Basic Operations for Karatsuba Algorithm

We need to write the following basic operators:

Simple Multiplication

Here is some pseudo-code to help with implementation in C or assembly.
     // lX= length of X. X= address of LSW
100: function R = <A, lA> × <B, lB>
101:  for(iB=0;iB!=lB;iB++)
102:    Hp= 0
103:    C= 0
104:    for(iA=0;iA!=lA;iA++)
105:      H:L= A[iA] * B[iB]
106:      C:R[iA+iB]= R[iA+iB] + L + Hp + C
107:      Hp= H
108:    R[iA+iB]= Hp+C // actually R[lA+iB]= .. 
                       // since iA=lA at this point
Since the addition at (106) has four operands, the maximum value of the carry is 2. This requires 2 bits, which can't be handled by most CPUs flags register. Therefore, C needs its own register and addition instruction.
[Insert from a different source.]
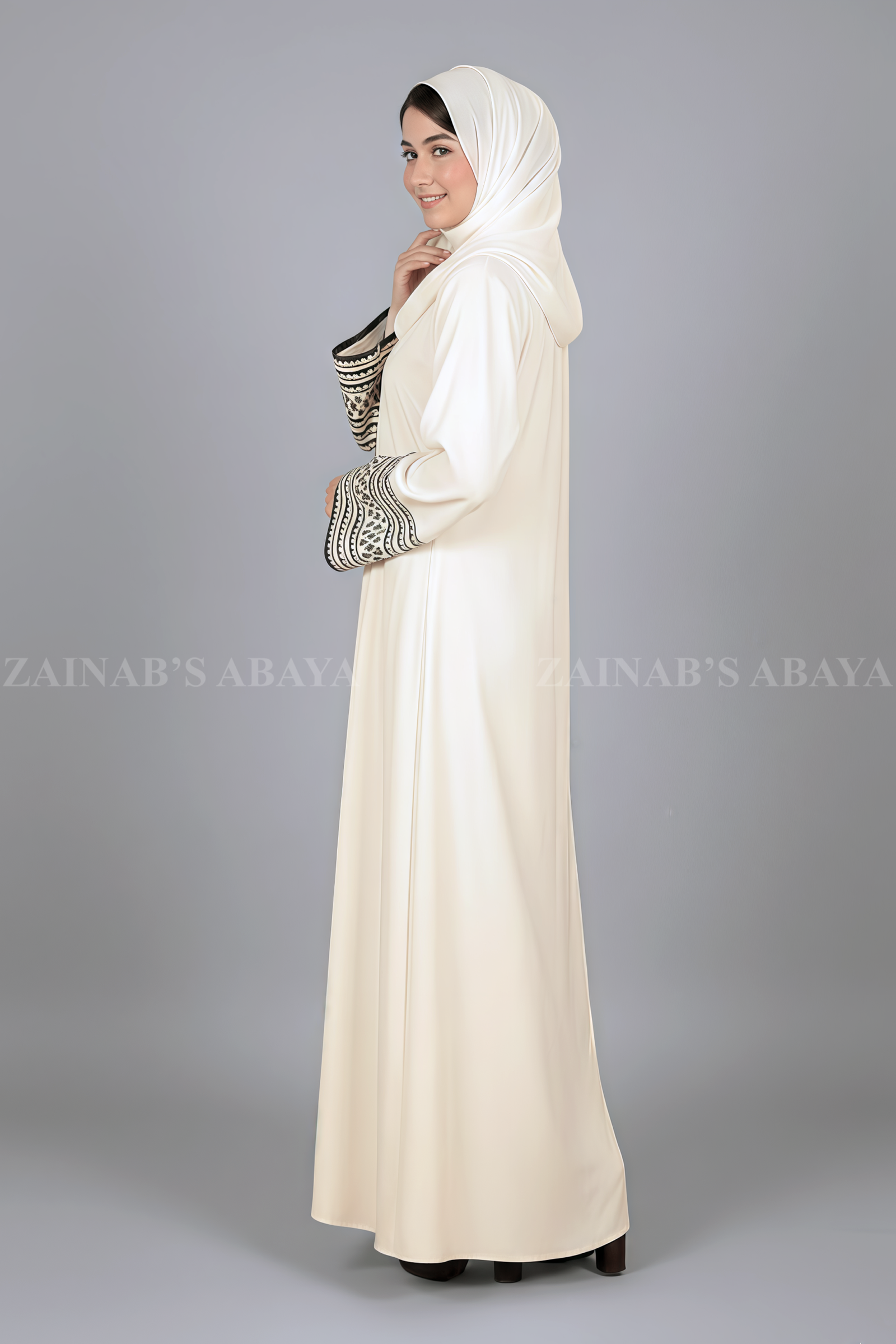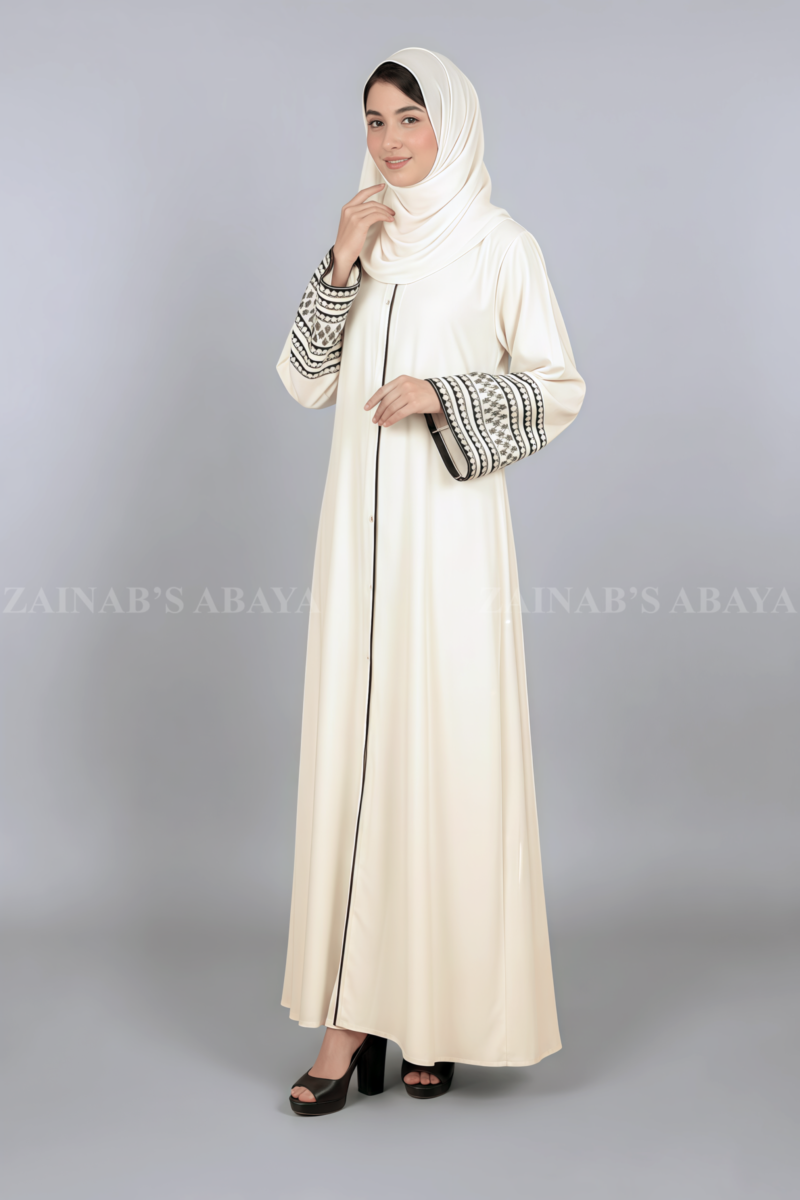 This stunning Off White Color Gown Abaya for women, which is crafted with Premium Nida Korean Fabric features the stylish embroidery stitch designs on sleeves.  Complete your graceful look with the perfectly matching chiffon scarf.

In (108), we directly set the value of R[iA+iB] without adding its previous value to Hp+C. This is because it's the first time we actually touch R[iA+iB]. The array R is assumed to be all zeros initially, therefore adding wouldn't make a difference.

At this point, we're guaranteed to not generate a carry to be propagated further. This is because R[lA+iB .. 0] is the result of A[lA-1..0]×B[iB..0]. This product is guaranteed to fit in lA+iB+1 words. Therefore, there can be no carry.

We can optimize this function by making use of the instruction "inc" for the x86-64 architecture. This instruction increments an index and simultaneously compares it to zero. For this to work, we need to translate A by lA, then use negative indices for iA. When we do that, we also need to translate R by lA.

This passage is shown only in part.